Juan Martin Del Potro. Foto da DayLifeTutti ricorderanno quando nel 2009 Del Potro batté sull’Arthur Ashe prima Nadal e poi Federer dimostrando di potersi candidare a colui che veramente avrebbe potuto rompere il duopolio e in effetti quel Del Potro che quando metteva la prima non si giocava, che da fondo era solidissimo, che quando si spostava di dritto non ce n’era per nessuno nemmeno per Federer; sembrava davvero imbattibile da qualsiasi altro giocatore in quel momento in attività.
Difatti sarà fermato da un infortunio al polso che arriva proprio all’apice della sua carriera. “Delpo” però ricomincia a testa bassa, non demorde, nonostante confessi di aver visto molti suoi “amici” abbandonarlo in questo periodo ricomincia a lavorare subito dopo l’operazione al polso che per fortuna riesce senza complicazioni.
Il 2010 comincia con l’uscita ai quarti di finale in Australia, dopo avviene il suddetto infortunio. Per tutto il 2010 si hanno vaghe notizie di un possibile rientro per poter giocare a New York in settembre e difendere i punti dello scorso anno, ma alla fine svanisce anche questa possibilità.
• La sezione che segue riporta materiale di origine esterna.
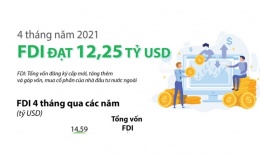 Vốn đầu tư nước ngoài vào Việt Nam đạt 12,25 tỷ USDTrong 4 tháng đầu năm, tổng vốn đầu tư nước ngoài vào Việt Nam đạt 12,25 tỷ USD, bằng 99,3% so với cùng kỳ năm 2020.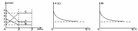 18.在2L密闭容器中加入或通入一定量A、B、C三种物质,在一定条件下发生反应(如图1),3min后给体系加热,气体C的体积分数Ψ(C)和混合气体的平均相对分子质量M均随温度分别发生了图示变化(如图2、图3)。下列有关说法不正确的是 ( )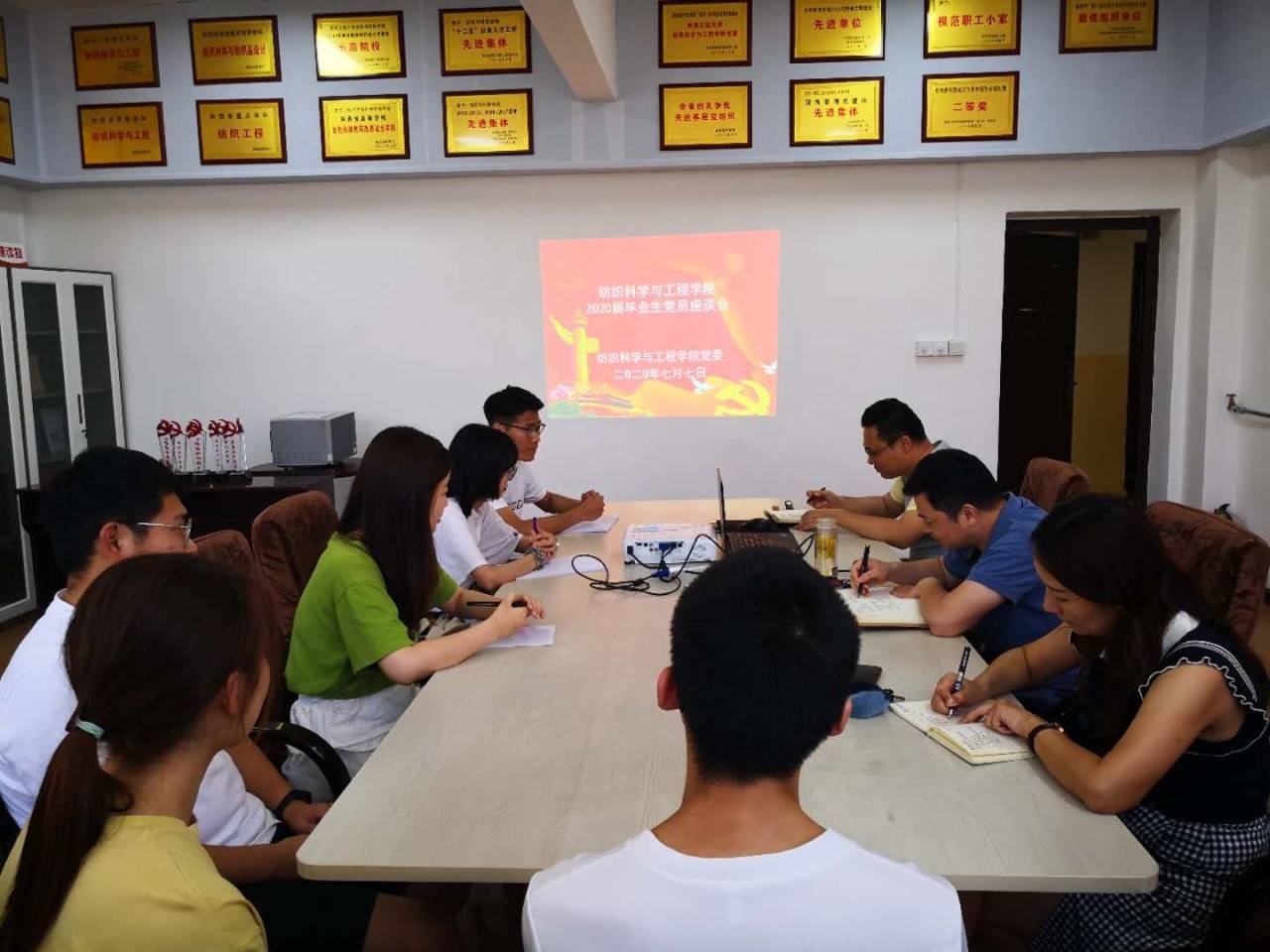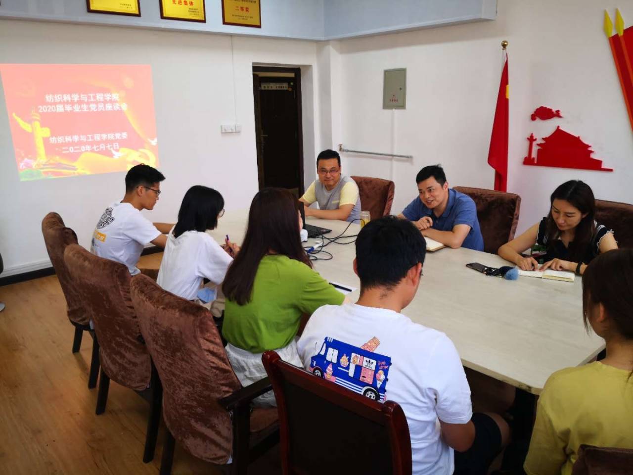 根据纺织科学与工程学院党委庆祝建党99周年系列活动安排,2020年7月7日,纺织科学与工程学院党委在金花校区纺织楼党建活动室召开2020届毕业生党员代表座谈会。学院党委书记胡小进、副书记郭西平、党委委员赵勇进及2020届研究生、本科生党员代表参加了座谈会,会议由胡小进主持。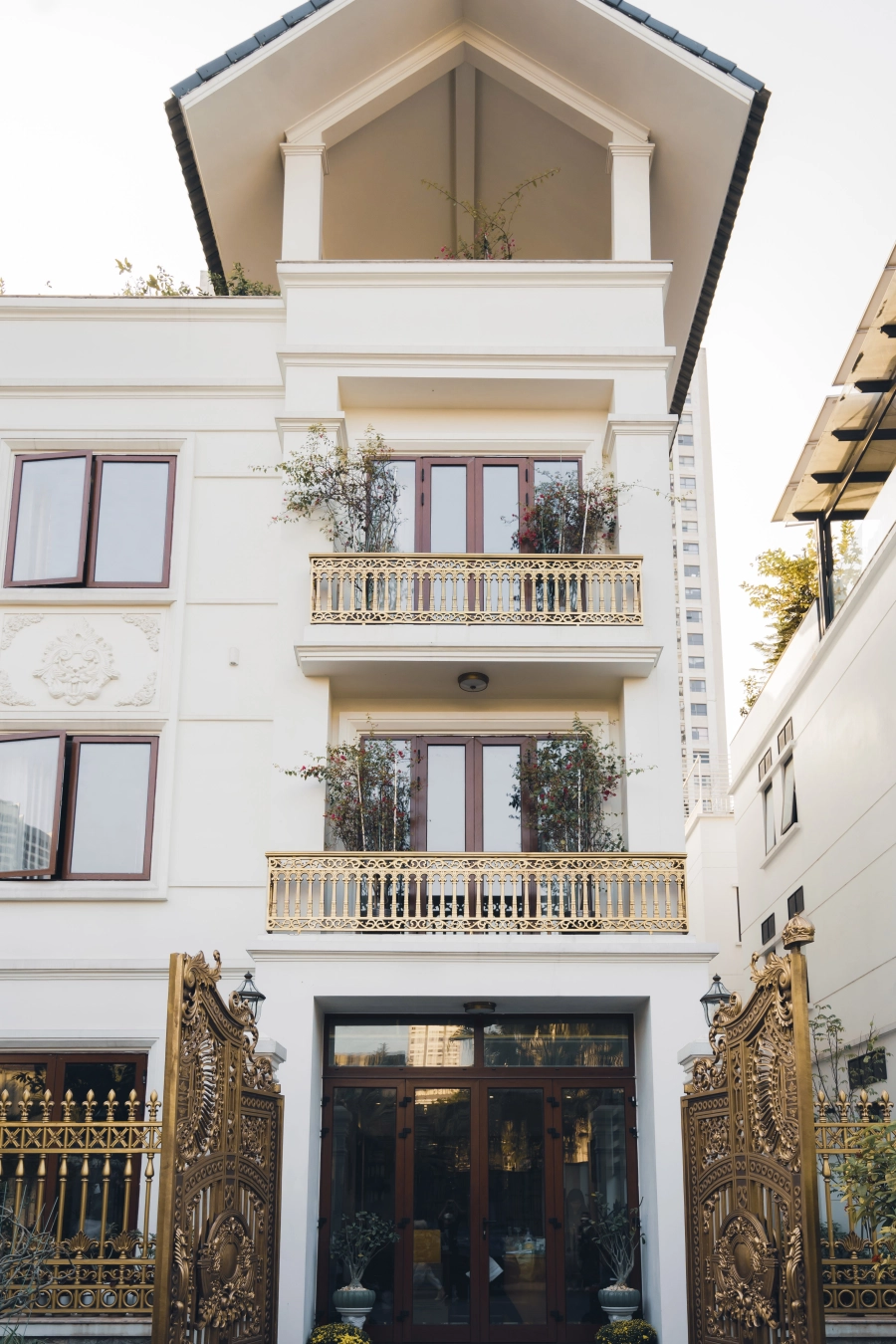 Mang phong cách hiện đại và sang trọng, căn biệt thự tại KĐT Green Pearl, Hà Nội nổi bật với gam màu trắng sữa chủ đạo. Sự kết hợp giữa màu vàng đồng của tường rào, cổng, lan can và màu vân gỗ của cửa tạo nên điểm nhấn nổi bật cho tổng thể công trình.

Verso fine 2010 rientra veramente in tornei minori, gioca contro Rochus a Bangkok, ricordo che guardando quella partita avevo l’impressione che i movimenti, le rotazioni e le variazioni fossero quelli di un tempo, ma mancava la velocità e la pesantezza di palla, soprattutto quest’ultima è quella che fa la differenza. Dopo aver perso da Rochus perde al torneo successivo da Lopez a Tokyo. Dopo di che decide di non giocare più per il resto del 2010, non per problemi fisici, ma per preparare al meglio la nuova stagione e invece di girovagare senza meta negli ultimi mesi del 2010.
A inizio 2011 si rirtovo al numero 259 nelle classifiche mondiali e dopo l’uscita al secondo turno in Australia dove difendeva i quarti tocca il fondo: è numero 484.
Si passa sull’amato cemento outdoor americano: San Jose, Memhpis e Delray Beach. Nei primi 2 si spinge fino alle semifinali dove incontra 2 top-10 e contro loro non può ancora nulla. Settimana successiva con molta umiltà rinuncia ad andare al 500 di Dubai (dove gli avrebbero sicuramente dato una Wildcard se l’avesse chiesta) e va a giocare in un 250: Delray Beach. Gioca un buon torneo, incontra buoni giocatori, ma che non sono top-10 e lo vince.
Si arriva al primo 1000 stagionale: Indian Wells. Qui gli avversari sono molto più forti, ma guardandolo giocare si vede subito che JuanMartin ha ripreso fiducia e soprattutto ha ripreso i colpi, sta tornando quello del 2009, serve bene e fa male col dritto. In ottavi con Kohlschreiber dimostra di essere tornato in forma anche se nel finale di secondo set si vede che quello che gli manca ancora è giocare partite lunghe a questi livelli. In quarti vince senza giocare ma molto probabilmente avrebbe battuto anche giocando il suo avversario: Robredo.
Arrivano in semifinale i primi 3 del mondo: Nadal, Federer e Djokovic(il serbo in questo momento è numero 1) , e Del Potro. Come ai vecchi tempi, in cui i migliori erano loro più Murray. In semifinale Nadal soffre contro l’argentino ma nei momenti decisivi non gli lascia scampo. Nonostante l’ottimo torneo e l’ottimo gioco a tratti dell’argentino quello che manca è il riabituarsi a certe partite, prendere fiducia (e in questo torneo ne avrà ripresa tantissimo), e cercare di stare meglio fisicamente poiché nei finali di match ne ha sempre risentito.
Adesso avrà modo di giocare sempre più partite contro giocatori del suo livello visto che grazie alla semifinale si riporta a ridossa della 50ª posizione mondiale. Insomma dopo quello che ci ha fatto vedere io penso che l’argentino sia tornato ad essere: “Il primo degli ultimi.” come lui stesso autodefinì la sua posizione appena dietro i FabFour.
Simone Milioti

Vamos Palito! X me tornera ai suoi livelli.. sprm!